One of the charges laid against Christian sex or marriage intimacy bloggers is that we overemphasize sexuality in marriage. Perhaps, some believe, we are obsessed with sex.
I admit that I think about sex a lot. Hey, I write this blog! I hear people’s stories, I come up with topics, and I research the subject in both secular sources and the Word of God. I have long been passionate about passion so I thought about sex more than the average Christian gal, but since writing this blog, sex is on my mind even more.
But while I consider the broad topic of sexuality quite often, I don’t give my own married sex life a whole lot of contemplation. I anticipate it, I flirt with my husband about it, I remember special times, and I engage in beautiful intimacy with my man. But I’m not obsessed.
Well, let’s break down Dr. Lewis’s descriptions more.
Starved. I recently had to have fasting blood work done and, through my own foolish planning, my doctor’s appointment was not until mid-afternoon.

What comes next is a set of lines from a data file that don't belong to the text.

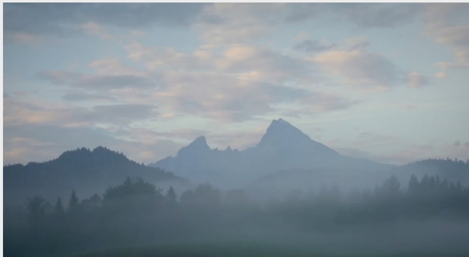
Cafè Valdluft – Still2.

ricercati nella produzione internazionale, che affrontano i temi delle terre alte per presentarli al pubblico più giovane. Ormai un “festival nel festival” con anteprime italiane altrimenti impossibili da ritrovare. Alla programmazione in sala si affianca un’interessante proposta di laboratori didattici, utili a far sperimentare materiali e a riflettere sulle problematiche ambientali.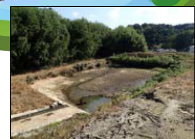
鶏舎周囲の池の 水抜き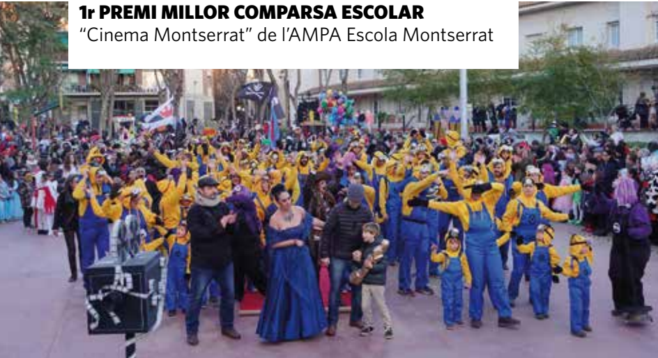
1r PREMI MILLOR COMPARSA ESCOLAR "Cinema Montserrat" de l'AMPA Escola Montserrat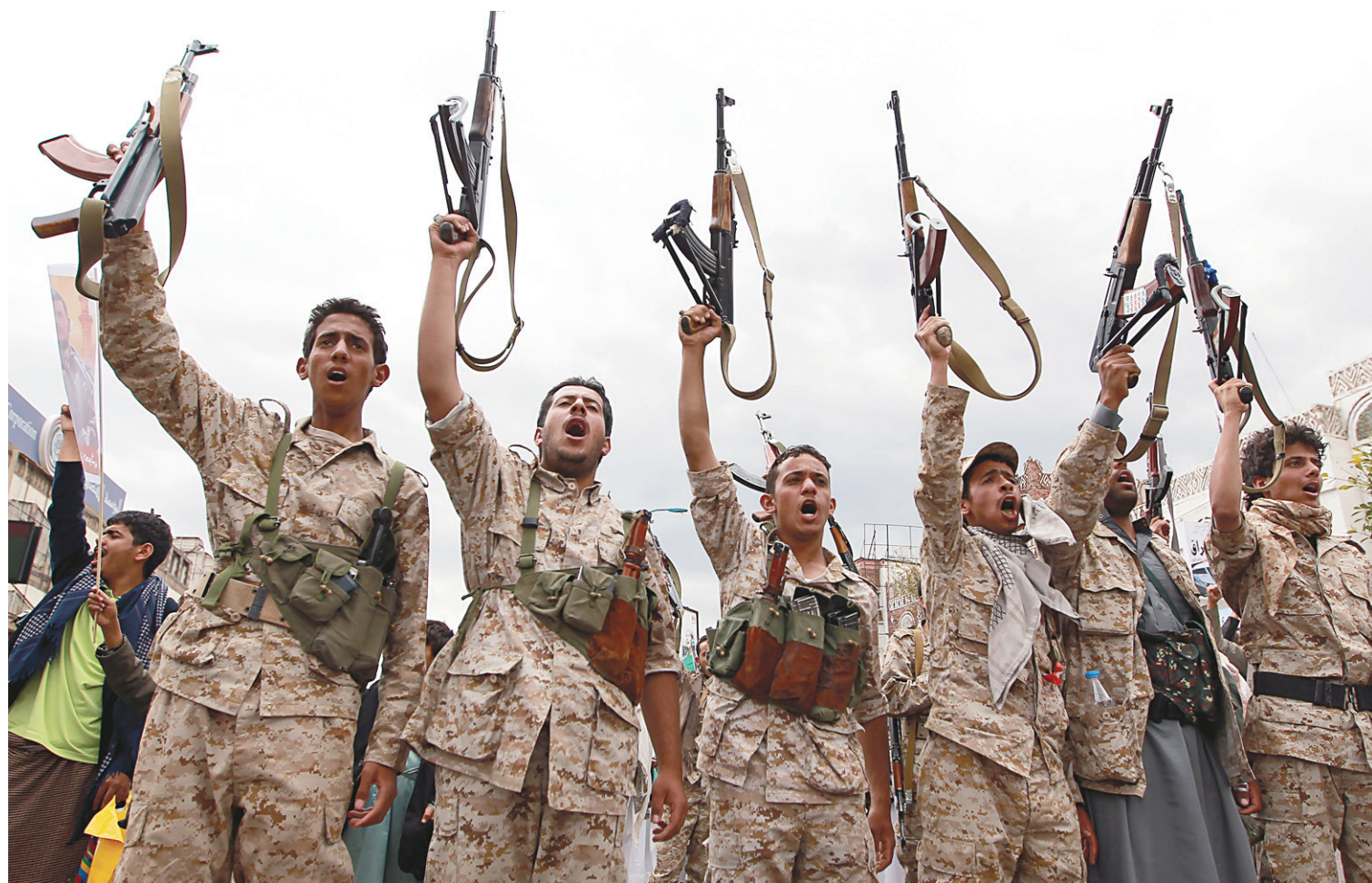
Des Yéménites près des Houthis brandissaient leurs armes jeudi à Sanaa.

La possibilité d'un cabinet comprenant des travaillistes refait surface

Thus, I did not eat anything from around 10:00 p.m. to 3:30 p.m. the next day. Around noon, almost all I could think about was how hungry I was! I packed a snack to eat and a soda to drink in the doctor’s office as soon as the lab siphoned my blood. Even after that, I drove through a fast food place and gorged on a hamburger, fries, and a drink. I kept eating the rest of the day, feeling the desperate need to feel the hole that had surely formed in my stomach from those several hours of not eating.
Yeah, I was kind of a drama queen about it. But you can already see the analogy forming here, right?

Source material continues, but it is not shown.